→ What to do
For the records below, copy exactly the span that begins at the line containing "Жасмин, салон по" and stops after the line containing "圓球的表面是由透明、發(fā", minus any pictures.

→ Provided data
□ □ □
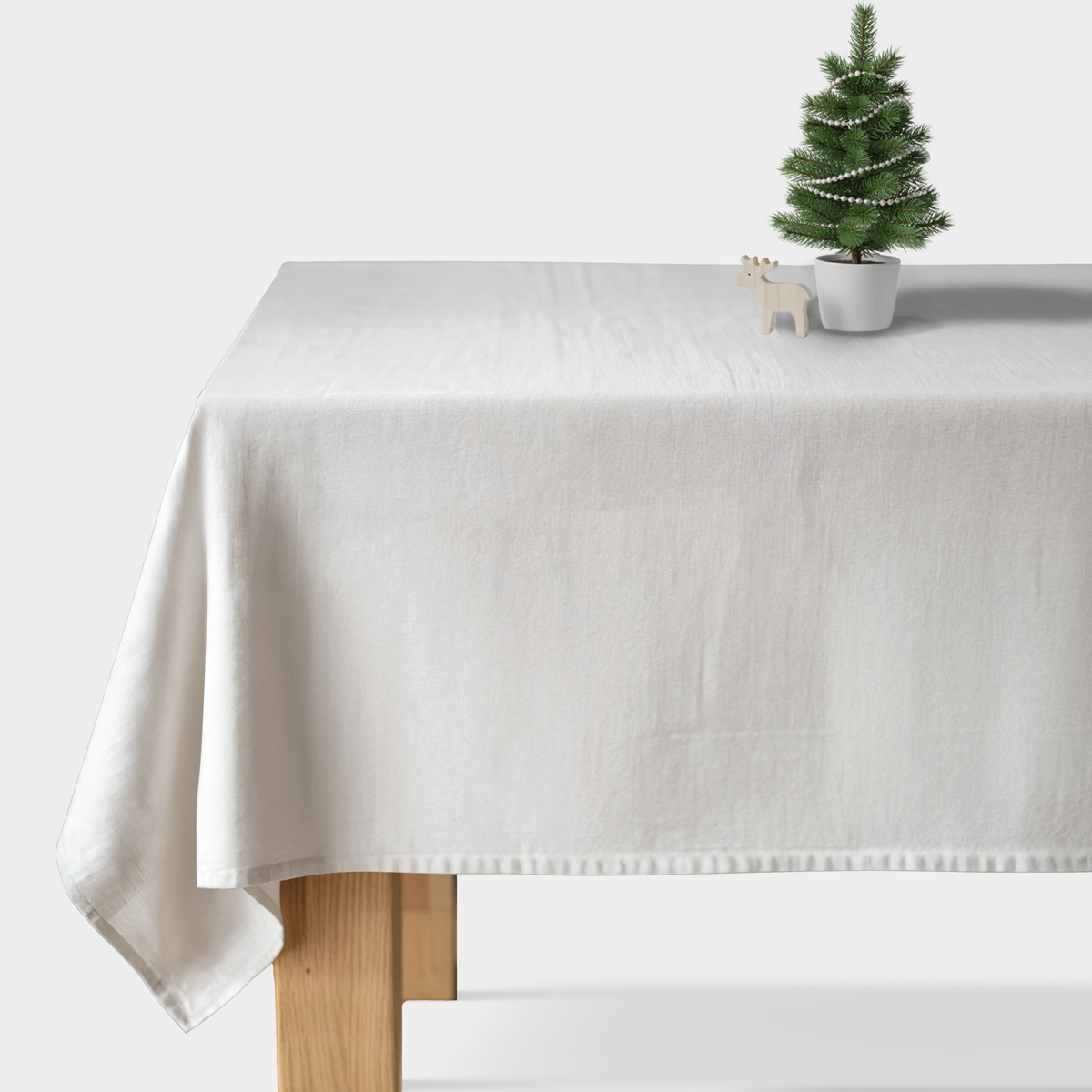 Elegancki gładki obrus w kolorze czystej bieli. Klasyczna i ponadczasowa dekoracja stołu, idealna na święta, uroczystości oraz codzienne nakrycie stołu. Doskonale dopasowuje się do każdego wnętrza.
□ □ □
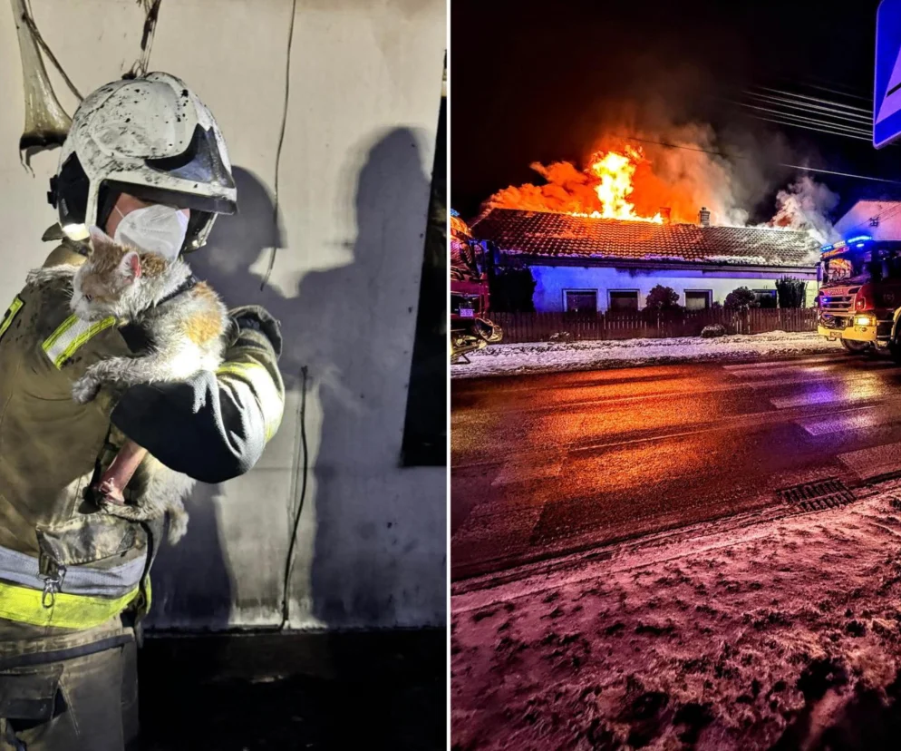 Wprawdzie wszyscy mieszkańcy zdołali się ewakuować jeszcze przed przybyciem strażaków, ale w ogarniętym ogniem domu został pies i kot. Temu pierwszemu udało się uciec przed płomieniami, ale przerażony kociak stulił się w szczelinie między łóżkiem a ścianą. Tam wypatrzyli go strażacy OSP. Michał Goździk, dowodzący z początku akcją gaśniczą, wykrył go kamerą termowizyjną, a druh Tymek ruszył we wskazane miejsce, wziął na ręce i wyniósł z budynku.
□ □ □
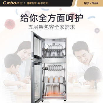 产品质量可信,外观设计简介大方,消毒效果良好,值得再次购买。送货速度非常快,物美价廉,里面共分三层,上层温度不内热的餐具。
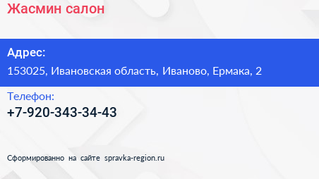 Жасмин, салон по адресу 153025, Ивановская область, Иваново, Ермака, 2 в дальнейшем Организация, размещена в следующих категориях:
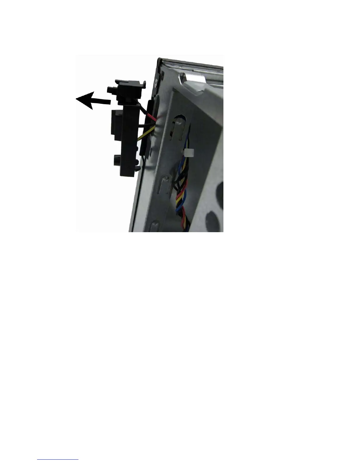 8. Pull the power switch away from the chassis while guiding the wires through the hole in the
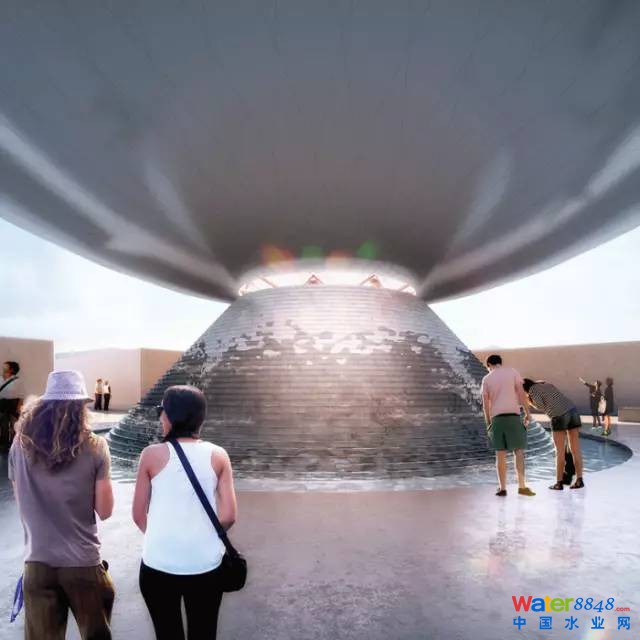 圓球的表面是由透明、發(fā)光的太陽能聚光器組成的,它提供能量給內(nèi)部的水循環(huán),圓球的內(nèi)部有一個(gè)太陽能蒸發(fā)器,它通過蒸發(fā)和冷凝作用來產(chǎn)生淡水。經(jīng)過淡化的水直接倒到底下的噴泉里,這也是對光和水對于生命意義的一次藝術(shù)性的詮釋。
□ □ □
→ Solution to the problem
 Жасмин, салон по адресу 153025, Ивановская область, Иваново, Ермака, 2 в дальнейшем Организация, размещена в следующих категориях:
 8. Pull the power switch away from the chassis while guiding the wires through the hole in the
 圓球的表面是由透明、發(fā)光的太陽能聚光器組成的,它提供能量給內(nèi)部的水循環(huán),圓球的內(nèi)部有一個(gè)太陽能蒸發(fā)器,它通過蒸發(fā)和冷凝作用來產(chǎn)生淡水。經(jīng)過淡化的水直接倒到底下的噴泉里,這也是對光和水對于生命意義的一次藝術(shù)性的詮釋。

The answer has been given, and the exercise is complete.